Oil on board, 16×20″, 2023
Part of my Easter Paintings series
Nicodemus ponders the next steps in his life as he lays the body of Christ to rest.
Light is the subject of any true work of art and the essential element of our lives, whether emanating from some orb in the sky or from within our hearts. Without light, we cannot see. Without Heavenly light, we cannot see truth and thus be humbled and inspired to change.
Paint daubs on any surface are illustrations of this revelatory conflict between light and dark.
This painting addresses that conflict. Nicodemus in the Tomb is an interpretation of a scene showing Nicodemus helping bury Christ’s body. At first glance, the title limits our thoughts to the enclosure itself, fashioning it as a final resting place that seals in the Lord’s deceased body, marking a final end: cold, decaying, sealed, hopeless. But a light shines from above, beckoning, revealing, hinting at an exit from this temporary shell.
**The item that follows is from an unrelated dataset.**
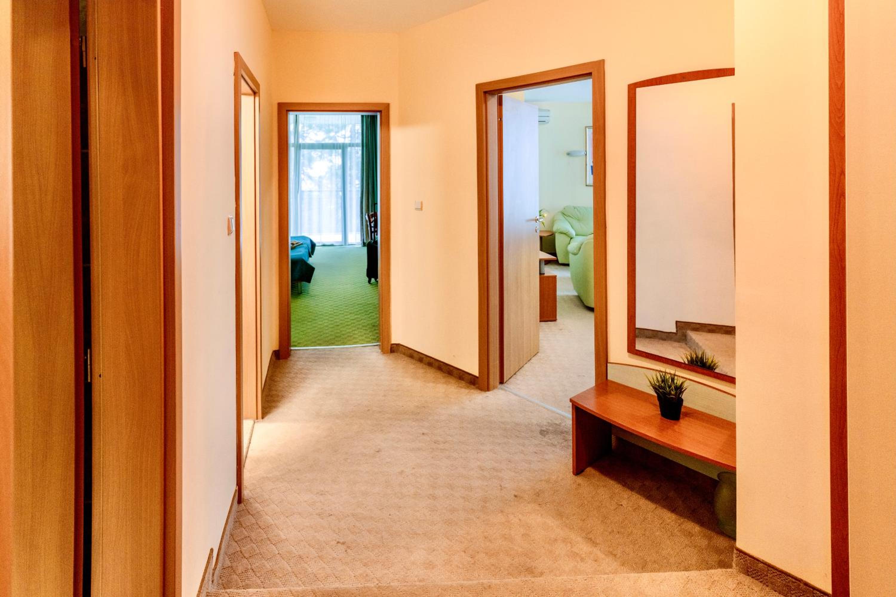 Personalul f amabil, am rezervat o camera tripla iar la check-in am primit upgrade la un apartament pentru ca au vazut ca suntem doi adulti si un copil de 15 ani.

Like the final bell at the end of a school year, the light celebrates both our graduation from mortality, rising as we greet the Lord in perfect health and vitality, and our continuing path afterward toward joy and glory, if we will.
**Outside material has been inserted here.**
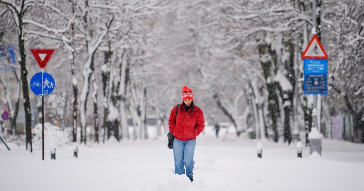 A woman trudges through snow after a blizzard in Bucharest, Romania, Wednesday, Feb. 18, 2026. (AP Photo/Vadim Ghirda)
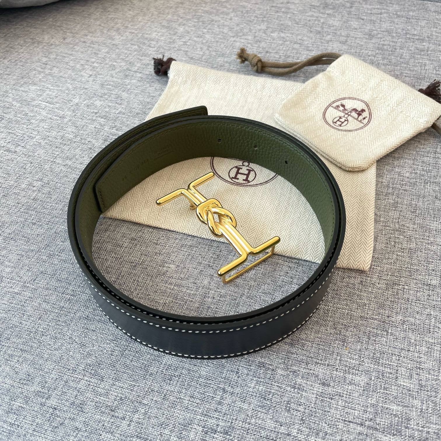 H TUBE BELT 38MM GOLD BUCKLE TIN GREY GOLD LEATHER

The sarcophagus that Nicodemus leans against seems solid but has already been robbed. It was breached from within and partly emptied as Christ’s spirit left to greet His Father and others of His family in the joyful reunion that celebrated resurrection’s doors being opened to all. Three days after Nicodemus sealed the vault, the looting was complete: Christ’s body joined His spirit in perfected union. Death had lost its sting; Christ had won the victory. All tombs would be emptied.
In this painting, two sources of light illuminate Nicodemus, who has collapsed against Christ’s sepulcher inside the carven tomb. The most prominent light is from above, perhaps coming from a hole in the hill it was chiseled from. A fanciful construct, I am sure, but it serves to symbolize at least two connections with Heaven. One is described above, a form of approval and promise. The other shows Heavenly approval of the path this very human being, now a disciple, has chosen. As a leader in Israel, Nicodemus had followed the Savior since early in His ministry, perhaps starting as a skeptical member of the Sanhedrin assigned to investigate the upstart Nazarene. The teachings Nicodemus heard from his target broke through his narrow and hard-won scholarly interpretation of tradition and law and opened his heart to Christ’s new and timeless gospel truths.
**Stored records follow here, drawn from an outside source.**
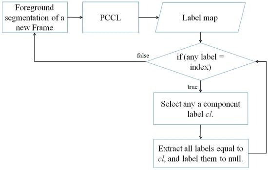 In contrast to CPU-based image processing methods, a GPU-accelerated framework for foreground CCL in video images is proposed as in Figure 4. The framework contains two modules, including foreground segmentation and labeling. Using CUDA software development kits (SDKs), we allocate (W × H − 1)/T + 1 blocks and T threads in each block in order to create W × H threads to compute the proposed image processing algorithms on each pixel in parallel. Here, W and H are the width and height of the video image separately.
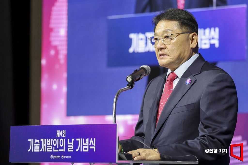 구자균 한국산업기술진흥협회 회장이 24일 서울 여의도 페어몬트 앰배서더호텔에서 열린 '제4회 기술개발인의 날 기념식'에 참석해 환영사 하고 있다.
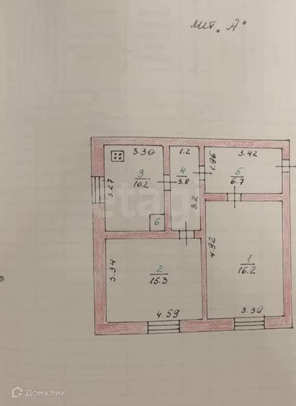 Общая площадь 52, 8 кв.м., две изолированные комнаты, просторный коридор, уютная кухня, совместный санузел.

The second light comes from the entrance to the tomb. Nicodemus has had a very long week: the events of Christ’s trial; the lengthy behind-the-scenes legal wrangling with the Sanhedrin and other Jewish and Roman leaders; his probable efforts to comfort families and followers; his wrestling with the scriptures to reconcile his own ingrained interpretation of them with Christ’s new light; his perhaps unsuccessful unraveling of conflicting counsel from the confused and frightened apostles; his wonder and fear at the horrors of the cross; his begging the body from an unbelieving Pilate; and his enabling of the burial process. He is a stronger, more forthright and courageous follower of The Savior than he was at their first meeting but, as he helped lay his Lord to rest, he probably still grappled with his own fear, exhaustion and doubt.
He is strengthened and comforted by his faith in Jesus but, like most of us, is still unsure of the future. He faces the outside world, unsure of his path but fated to follow whatever comes.
I think we all are much like that. I pray we have the courage, like Nicodemus, to offer all we have to Him who gave His all and promised His all to us.